Walk into any public house in Ireland and it won't take you long to realize that Guinness is the most popular drink. Rows of tall glasses filled with that rich velvet-black liquid, generously topped with a creamy-white head, adds testimony to its unrivaled position. Though it is on sale in 120 other countries throughout the world, and is actually made in 31 of them, the correct place to drink a Guinness, as far as most Irish imbibers are concerned, is Ireland. Some reasons lending credence to this assumption include the softness of the water, the fact that it is Liffy water and only because Irish barmen have the art of "pulling" a good pint. The art includes "pulling" the pint in stages, thus allowing the creamy think head to form slowly. Arthur Guinness who founded the Brewery at St. James Gate in Dublin, bought a disused brewery in 1759 and started making traditional Irish ale. Shortly afterwards a new London- brewed drink made from roasted barley, appeared in Dublin. Arthur had a go at making this "porter", so called because of its popularity with the porters of Covent Garden (London) and Billingsgate, and by 1799 had switched all his production to porter. The first export shipment, bound for Britain, left the brewery in 1769 and by the 1820s Guinness was being drunk across the world.
The brewery can produce some 2.5 million pints of Guinness per day, with the aid of modern technology. But it still uses the same strain of yeast pioneered by Arthur Guinness.

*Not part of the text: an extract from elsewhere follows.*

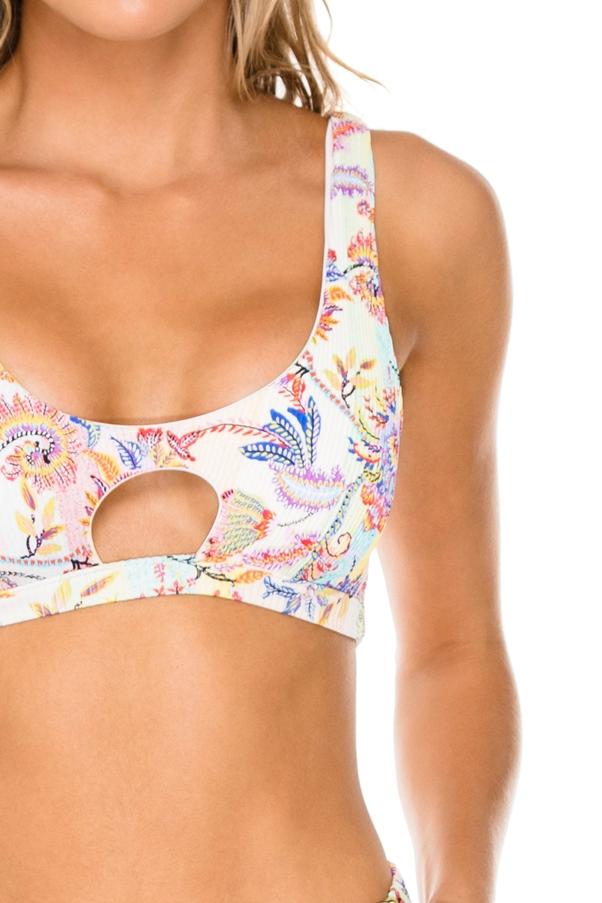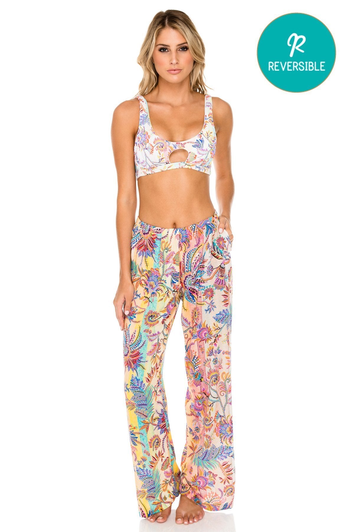 You'll look like a tropical goddess no matter where you are when you wear the Alcazar sporty bralette and matching flared beach pants. The bralette features a sexy front cutout and is reversible to a secondary pastel print while an elastic waistband gives the lounge pants a comfortable fit.

And the basic brewing process-involving roasted Irish-grown barley, which gives it the characteristic dark color, soft pure water, hops and yeast, has not been altered.
Since its creation, Guinness has promoted its wholesale image, which was summed up in the "Guinness is good for you" campaign, launched in 1929. Its benefits were praised by one of Wellington's officers, wounded at Waterloo, who wrote in his diary that Guinness had "contributed more than anything else to my recovery". By the mid-19th century, Guinness was being recommended to nursing mothers.